▶ _TRY IT_
Only one stretch of lines is wanted: the line with "تیشرت آستین بلند مردانه سفید مدل ARSALAN" through the final line of the material. Restate it word for word, minus pictures.

▶ _RAW DATA_
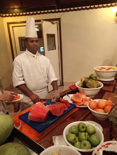 Завтрак весьма скромен, но достаточен: каша, мюсли, картошка, фасоль, грибы, сосиски или бекон, омлет с добавками (готовят при тебе), тосты, оладьи, выпечка, фрукты (бананы, ананасы, папайя, гуава, яблоки, апельсины), сок, молоко. Не голодали! Но, выпечка была вечерней, а в прошлом году – еще теплой! И прошлогодние фрэши канули в лету…
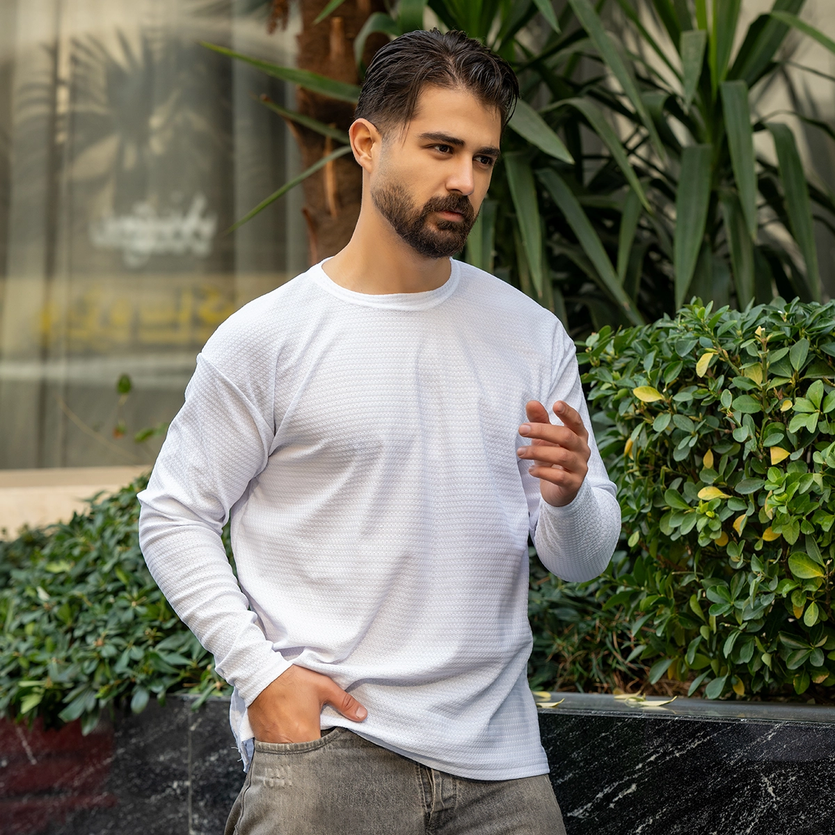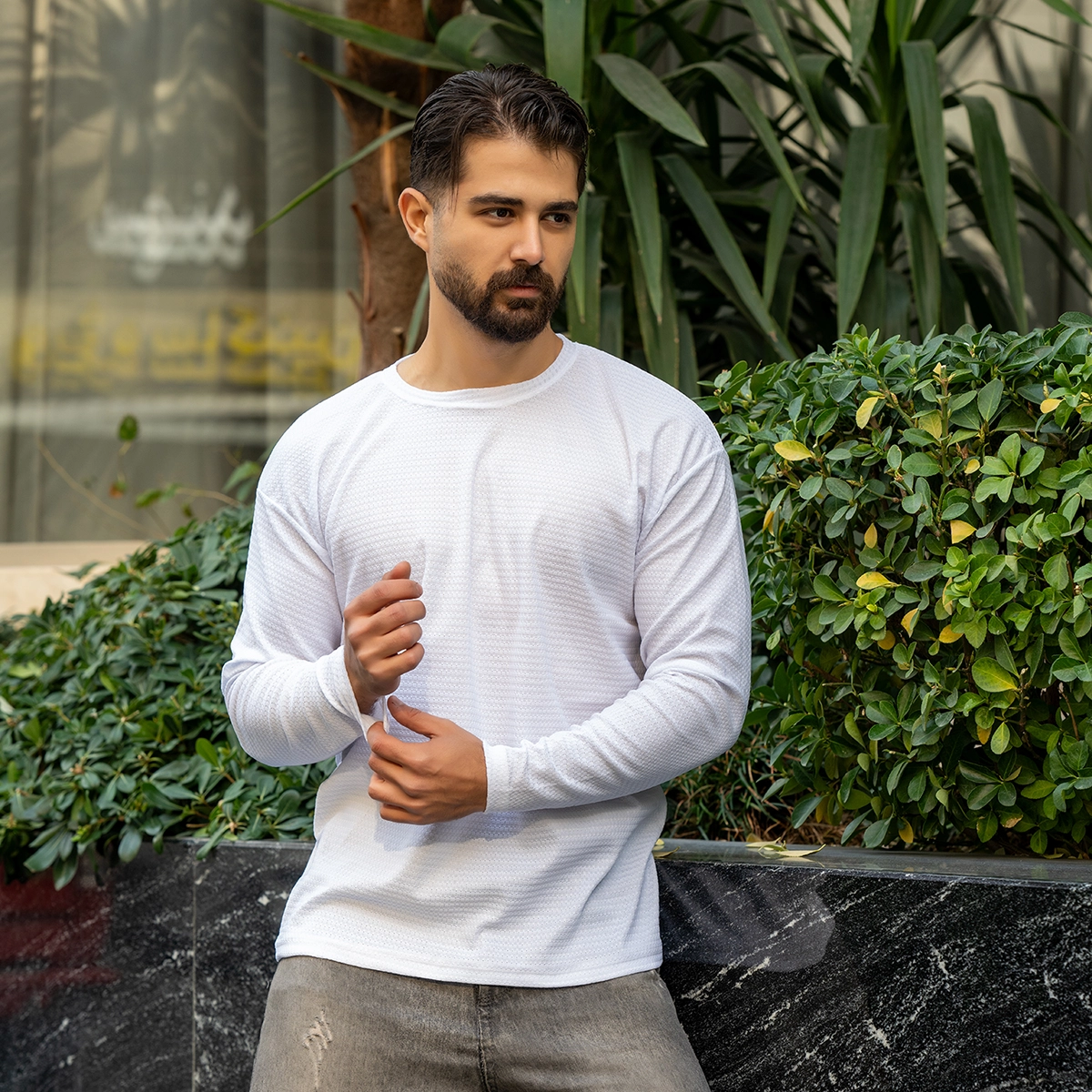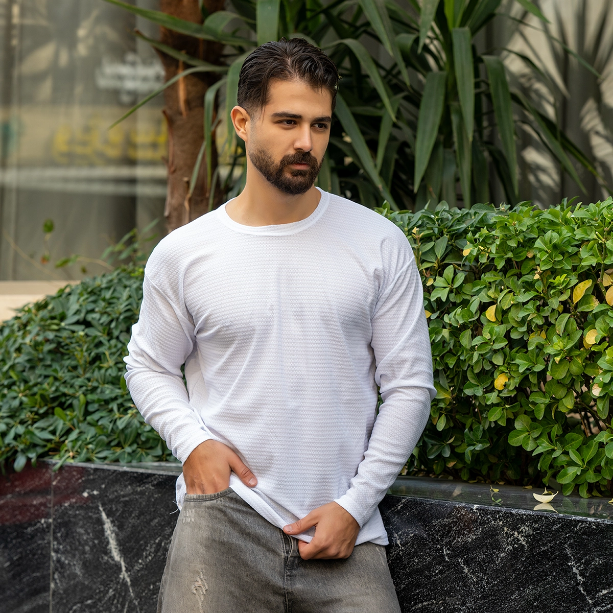 تیشرت آستین بلند مردانه سفید مدل ARSALAN
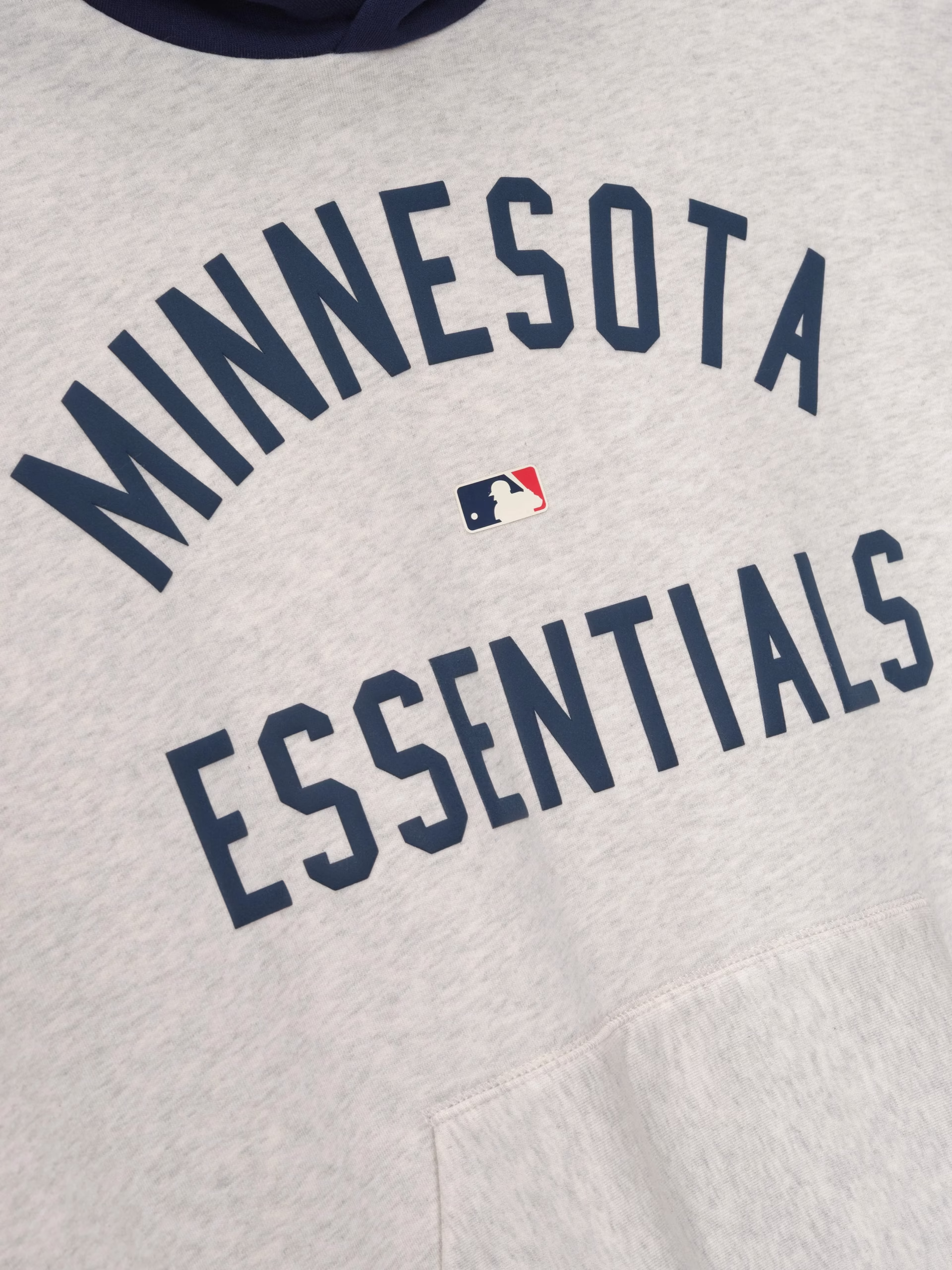 The Twins Sports Hoodie is crafted from core fleece, offering an elevated balance of softness, structure, and lasting comfort. Cut in a relaxed sport fit, it drapes with more ease through the body and extended length compared to the Essentials classic silhouette. The front features a bold puffer-print graphic reading "Minnesota Essentials" alongside the official MLB insignia, while the back is finished with the authentic Twins logo. Additional features include a contrasting hood, kangaroo pocket, elastic bindings at the cuffs and waist hem. The signature rubberized Fear of God Essentials label accents the hood.

▶ _RESULT OF THE TASK_
 تیشرت آستین بلند مردانه سفید مدل ARSALAN
 The Twins Sports Hoodie is crafted from core fleece, offering an elevated balance of softness, structure, and lasting comfort. Cut in a relaxed sport fit, it drapes with more ease through the body and extended length compared to the Essentials classic silhouette. The front features a bold puffer-print graphic reading "Minnesota Essentials" alongside the official MLB insignia, while the back is finished with the authentic Twins logo. Additional features include a contrasting hood, kangaroo pocket, elastic bindings at the cuffs and waist hem. The signature rubberized Fear of God Essentials label accents the hood.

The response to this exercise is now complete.